The meeting kicked off with an online survey that allowed participants to share their experiences with data integration. The survey made it clear that people mainly associate big integrated data with the potential opportunities. The participants thought the biggest challenge was related to data integration and data quality, the lack of standardisation and how to interpret external data. But some of them also thought that finding suitable data at all is a problem.

Finding and using data

In her presentation during the meeting, KWR researcher Tessa Pronk emphasised the importance of data availability for efficient projects: “Data can be found in many places: public repositories, individual institutions, government and the internet, for instance.” She provided examples as a basis for a discussion of ways to use the data. A Creative Commons license or user agreement makes explicit the conditions for using data. To work in reproducible ways with the external data, consideration must also be given to the period and conditions relating to availability. When opening up access to your own data through data publication, a standard like Aquo can facilitate data exchange.

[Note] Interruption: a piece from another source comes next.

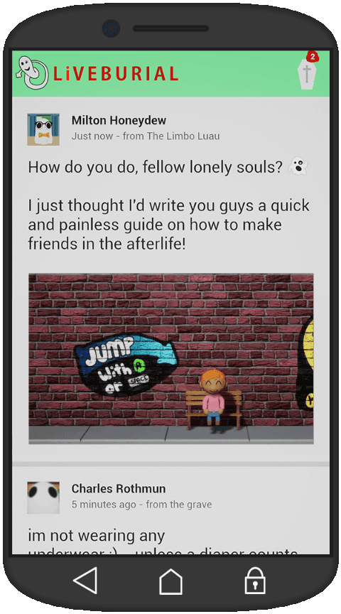 Make ghost friends by steering the living into deadly hazards to release their souls. Puzzle through diorama-style levels and make as many friends as possible using comically fatal accidents. Keep up with the latest memes by getting popular on the afterlife's hottest social media app, LiveBurial. Get a unique look at the dysfunctional, hyper-consumerist world of the living through the posts of your social media-obsessed Polter Pals.

Open data to enrich your own data

A great example of data integration in practice was given by Sjoerd Rijpkema, a geohydrologist at the Groningen Water Utility. The researcher explained how a Tableau Dashboard makes it possible to combine your own data from measurements of discharge and water levels with KNMI data such as precipitation-evaporation, and with detailed data in the form of a weather plume, precipitation-discharge models and water-level measurements from the water authorities. These data are stored in a data warehouse in order to determine water quality later in the form of relationships between concentrations, seasons, drainage and precipitation. Machine learning (and more specifically, random forest) is used at the Groningen Water Utility to transform data into knowledge about future developments. In this way, external data contribute to insights into variable water quality; this is a valuable development for the water utilities.

GIS as a connector

KWR researcher Herbert ter Maat explained how GEO and other available GIS data can be used for the water sector. He gave numerous examples of sources of this kind and demonstrated how they can be used. The list included: ArcGIS, EsriNL, StatLine (CBS), Geotop models, groundwater levels, the BRO basic subsurface register, 3D BAG, KNMI data (climatology, climate explorer), international datasets like those available from Copernicus, and Sentinel-2 download and visualisation options. The participants were shown where to find a wide range of possible data sources with this overview.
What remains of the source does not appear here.